If you are not familiar with a “Trader’s Fog”, it is eerily similar to the fog of war. It occurs whenever there are strong levels of ambiguity in situational awareness that is experienced by all participants in the market.

Currently, the Trader’s Fog is thick and there are very few indications that it will be lifting at any time in the near future. The major causes for this recent fog are listed below in chronological order.
  • September 14 - Investment bank Lehman Brothers files for bankruptcy protection
  • September 16 - The U.S. Federal Reserve lends $85 billion to AIG
  • September 19 - Treasury Secretary Paulson calls for $700 billion dollar bailout
  • September 26 - Washington Mutual’s assets are sold to JPMorgan for $1.9 billion
  • September 29 - House of Representatives reject $700 billion bailout
  • October 3 - House of Representatives approves a “revised” $700 billion bailout
  • October 8 – Global Rate Cut by the central banks
  • October 10 – G7 pledges to work together to stabilize global financial markets
  • October 14 – Paulson “forcibly” buys $250 billion dollars worth of shares from 9 of the largest U.S. banks
And so with a Trader’s Fog that is likely thicker than any other time in history, the most difficult thing for traders to know is how any of the major events listed above and how the subsequent reactions by the governments of the world will ultimately affect the market. As has been said in previous articles, so much has been done so quickly, that no one really knows if anything is really working or going to work going forward.

During this period of time, trader’s have seen volatility in the market set record levels. On October 9, 2008, the VIX, VXD, RVX and VXV volatility indices all set new record levels. These high volatility measurements are one of the strongest secondary indications of market uncertainty.

Truthfully speaking, the volatility indices aren’t really necessary. The balance sheets of major financial institutions and hedge funds continue to bleed red ink. We know that the US Treasury is back stopping banks and the big players on Wall Street, but we don’t know if the banks are backing main street.
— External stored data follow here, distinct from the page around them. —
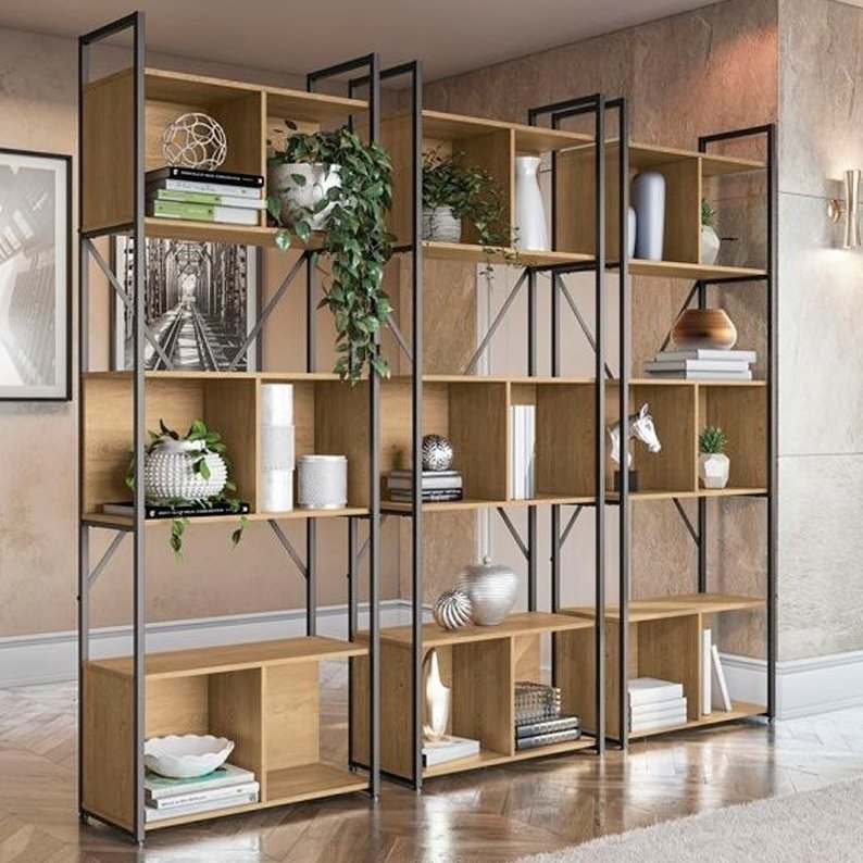 Kit com 3 Estantes Alta com 6 Nichos LI014 Freijó/Preto Fosco – KAPPESBERG
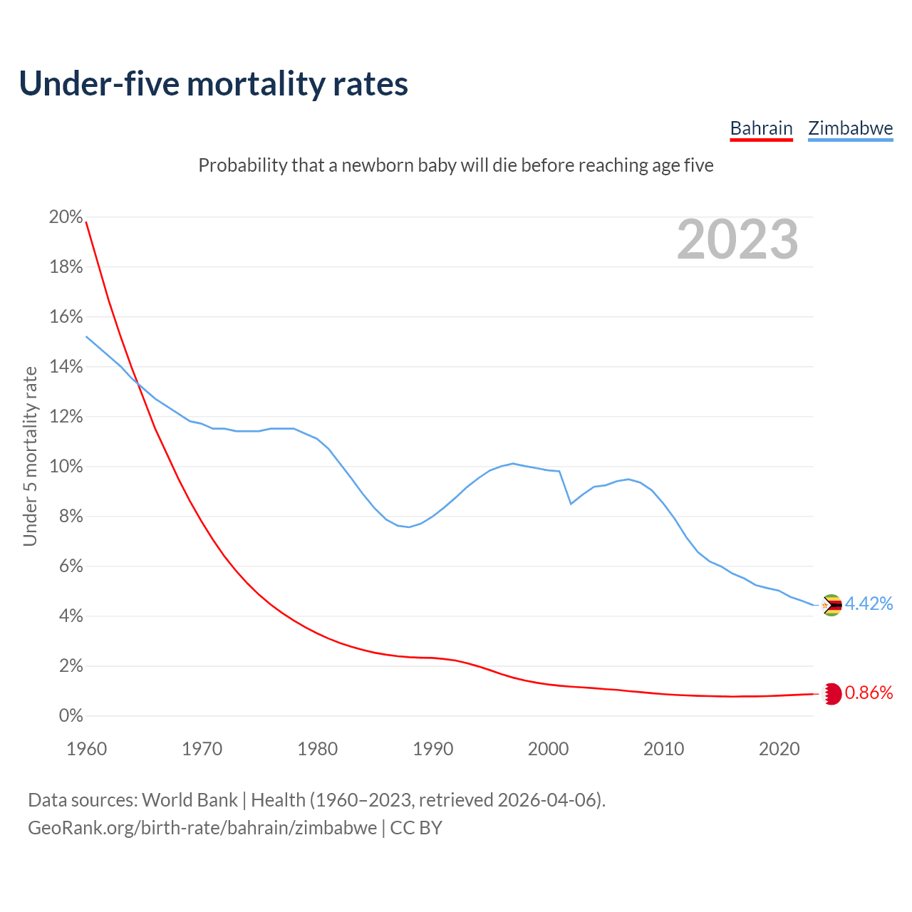 The chance that a newborn baby will die before reaching age five is 0.86% in Bahrain and 4.42% in Zimbabwe. Above is a chart with historical data on under-five mortality rates.
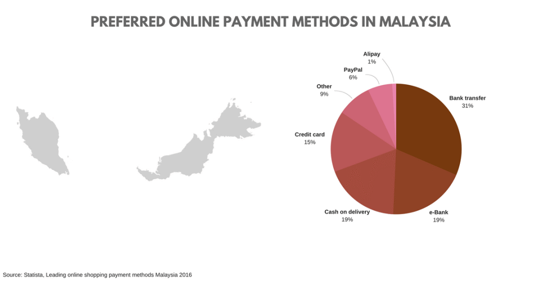 马来西亚人在线购物时,首选在线支付。数据显示,31%的马来西亚购物者喜欢在网上购物时通过网上银行转账付款 。
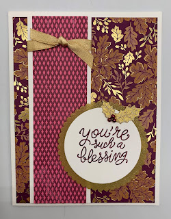 I started out with a White base card ..... And added a panel of the 'Blackberry Beauty Designer Series Paper' to the top. I did add one additional panel of the 'Blackberry Beautfy DSP' down the left hand side of my card for some added WOW FACTOR.Before I adhered that panel down to the front of my card ...... I added some 'Gold 1/4" Shimmer Ribbon' to the top and tied it off into a pretty knot.

Here are some lingering questions: Now that liquidity is guaranteed by the government, how will banks evaluate each other? (We still have a LIBOR rate that is frozen) How will banks evaluate lenders with poor credit scores? (Will they just assume large amounts risk again?) If the banks do assume large risk again, what will be the impact on the dollar and the market if the Treasury pays the bills?

It is amazing to that the there is little or no discussion to reform the monetary system; all the discussion is about fixing a market that no longer believes it can be saved. There is no such thing as too big to fail; the market is about the re-distribution of wealth. If main street is really the concern of the treasury, then create a plan that directly addresses their needs – don’t prop up the same institutions that contributed to the problem in the first place.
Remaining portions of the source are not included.